Этим акцентом на феминистском сообществе я и хотела бы закончить. Оба эссе Нохлин, воспроизведенные в этой книге, настаивают на важности сообществ, внутри которых зародилась ее критика. Кроме того, в Воспоминаниях ad-hoc-искусствоведа она в подробностях вспоминает первый семинар о женщинах и искусстве, который она проводила в Вассар-колледже в 1969 году, во многом послуживший основой для ее эссе 1971 года. Описывая магистрантов как «увлеченную группу протофеминистских исследователей», члены которой были «одновременно изобретателями и исследователями: изобретателями гипотез и концепций, прокладывающих путь в безбрежном море неоткрытых библиографических материалов, в подземных реках и потоках женского искусства и женских образов» [16], она включает в эту группу и себя.
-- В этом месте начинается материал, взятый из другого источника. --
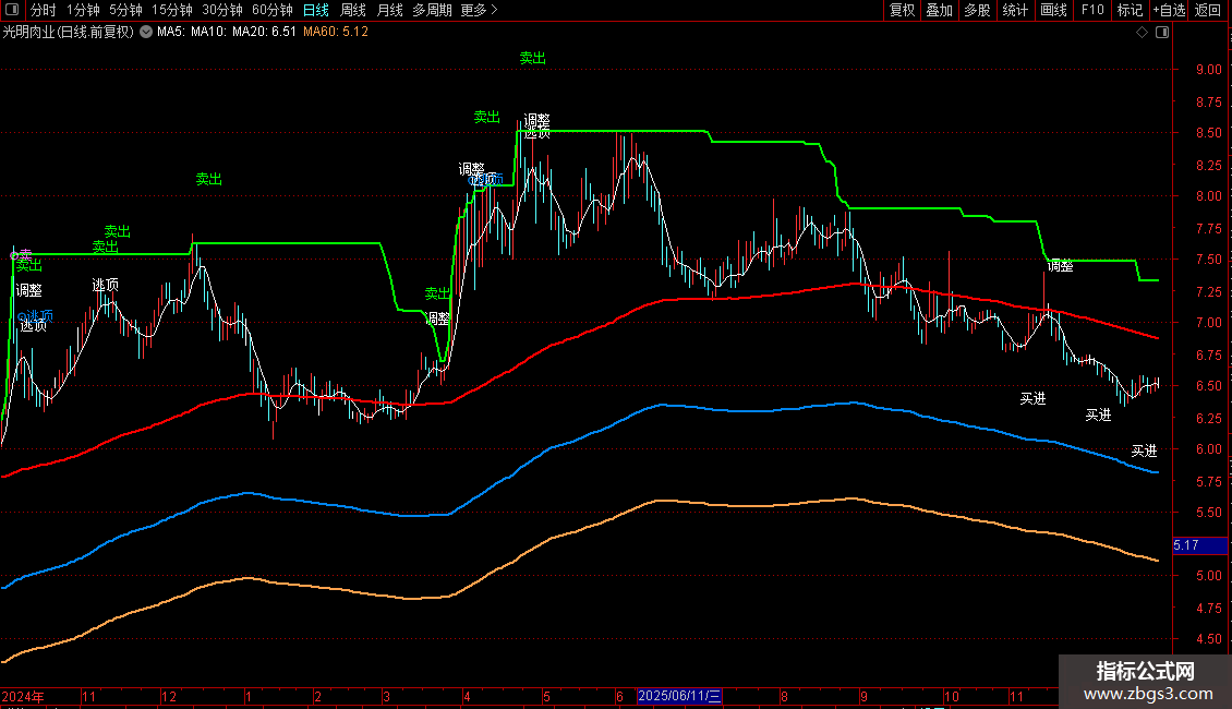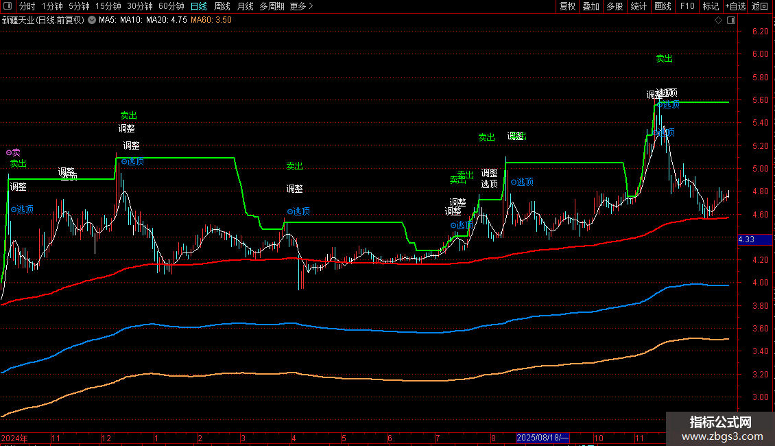 卖出提示包括输出的以下文字信号:调整、卖、卖出、逃、逃顶等。同样是根据股价运行情况决定仓位

В своем эссе 2001 года она снова отдает дань уважения сообществу ученых – создателей феминистской истории искусства, отказываясь от статуса номинального лидера и вместо этого заявляя, что «мы – как сообщество, работая в сотрудничестве – изменили дискурс и производство в своей сфере». Она также предостерегает против мужской героики, которая, по ее наблюдению, возвращается в искусство, политику и культуру; это возвращение происходит и в настоящее время [17]. В таких условиях для тех, кто читает Нохлин по прошествии пятидесяти лет, ее описание группы протофеминистских исследователей всё еще сохраняет свою важность. Всем нам – тем, кто привержен непрерывному, разнообразному, междисциплинарному и развивающемуся проекту написания феминистской истории искусства, нужно продолжать видеть себя «изобретателями и исследователями», продолжать задавать вопросы и нарушать спокойствие.
Благодарности
Спасибо Сэму Бибби, Алсии Гринен, Хилари Робинсон и Линоре Уильямс (директору библиотеки Бетти Бойд Деттре и исследовательского центра при Национальном музее женского искусства, Вашингтон, округ Колумбия) за помощь в поиске важнейших материалов и за то, что говорили со мной об огромном феминистском вкладе Линды Нохлин в историю искусства.